Richard "Dick" Lyon (July 14, 1923 – February 3, 2017) was a United States Navy admiral and mayor of Oceanside, California.

Early life and education 

Lyon was born in Pasadena, California, were he attended high school with friend and fellow classmate Jackie Robinson. As a youth, he was a selected member of the United States Olympic swim team for the 1940 Summer Olympics in Tokyo,  but the 1940 games were canceled due to the outbreak of World War II. Lyon graduated from Yale University in 1944 and that year he was captain of the Yale Bulldogs swimming and diving team with a season record of 10-0. He earned a master's degree from Stanford University in 1953.

Naval career 
Lyon attended Columbia University Midshipmen's School, receiving his commission in the United States Navy in October 1944. He served as a Navy Scout and Raider in the Pacific Theatre and in China as an Intelligence Officer. He was released from active duty in 1946, subsequently joining the Naval Reserve. He returned to active duty in early 1951 he commissioned the Underwater Demolition Team Five, and served in the Korean War until late 1952. Upon release, he resumed his Reserve participation.

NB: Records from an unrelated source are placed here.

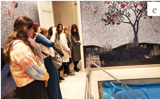
e. Learning the secrets of Jewish intimacy at a Mikvah tour
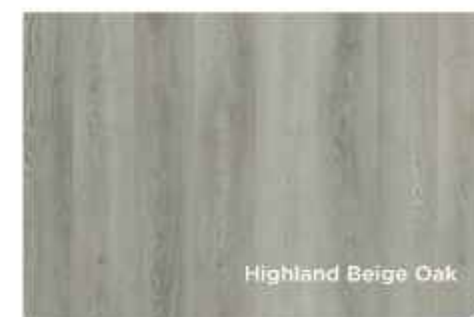
Highland Beige Oak

As a light beige colored floorboard, the eye-catching dark grain of Highland Beige Oak is perfect for adding contrast to any room.
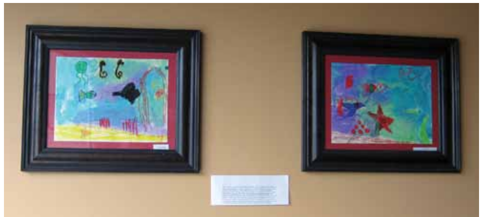
Beautiful artwork compliments of Medfield's kindergarten children, on display at Honey's.
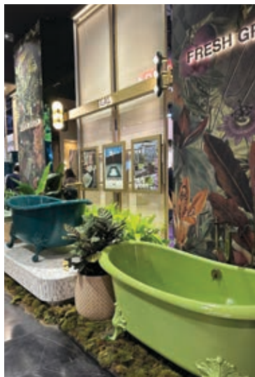
Builder Show Products
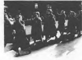
Women being forced at gunpoint to join a death march.
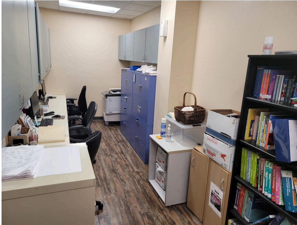
Teacher Resource Room and Office
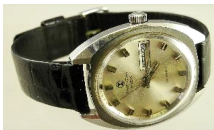
Lot # 406
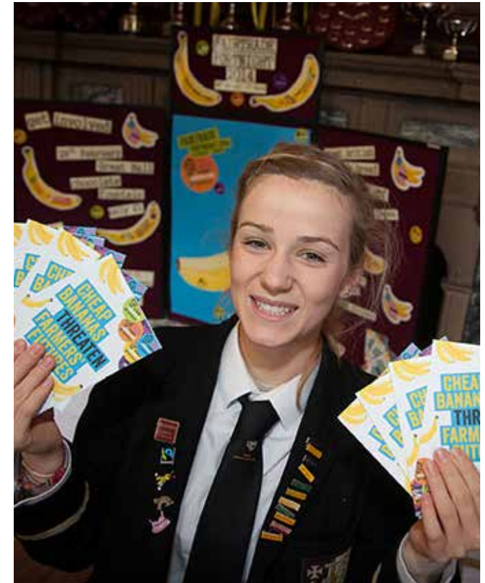
Fairtrade Fortnight 2014 at Lichfield Cathedral School

Fair Trade or fair trade products do not carry the FAIRTRADE Mark. They relate to the wider movement of organisations working to promote fairer trade policy and practice and include fairly traded products like handicrafts, some jewellery and toys.
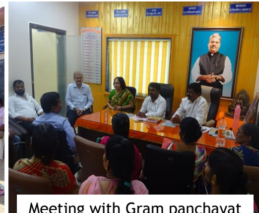
Meeting with Gram panchayat at Landewadi village
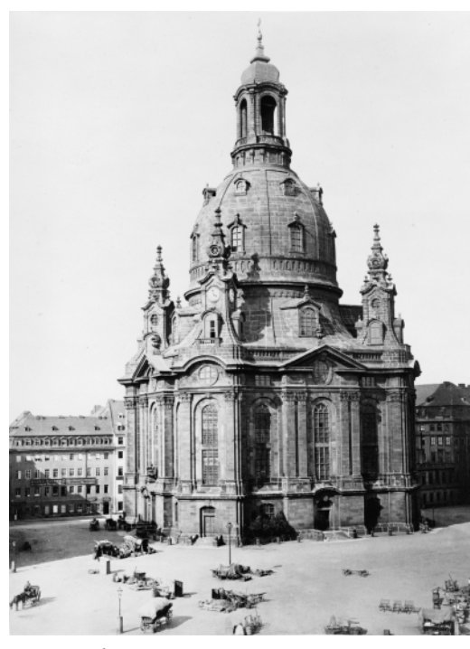
Frauenkirche, Dresden, 1880

A little research revealed that the Frauenkirche was built between 1726 and 1743 as a Lutheran parish church despite, or maybe
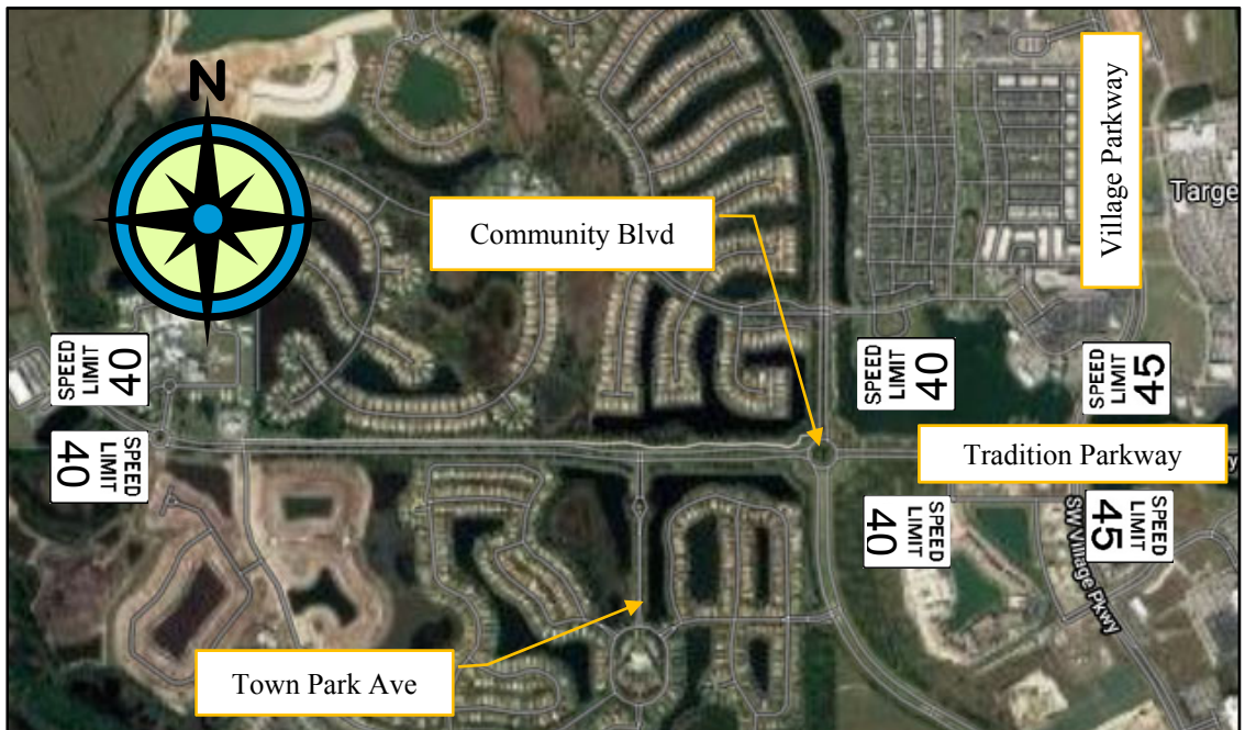
Figure 1. Proposed Posted Speed

In July 1974, Lyon became the first admiral from the Naval Special Warfare community in the history of the Navy.

Lyon was a graduate of both the National War College and the Naval War College. He was the first Reserve officer to be appointed to the board of directors of the United States Naval Institute, where he served as chairman of the editorial board. He has received decorations for the Legion of Merit, Navy Commendation Medal and Combat Action Ribbon.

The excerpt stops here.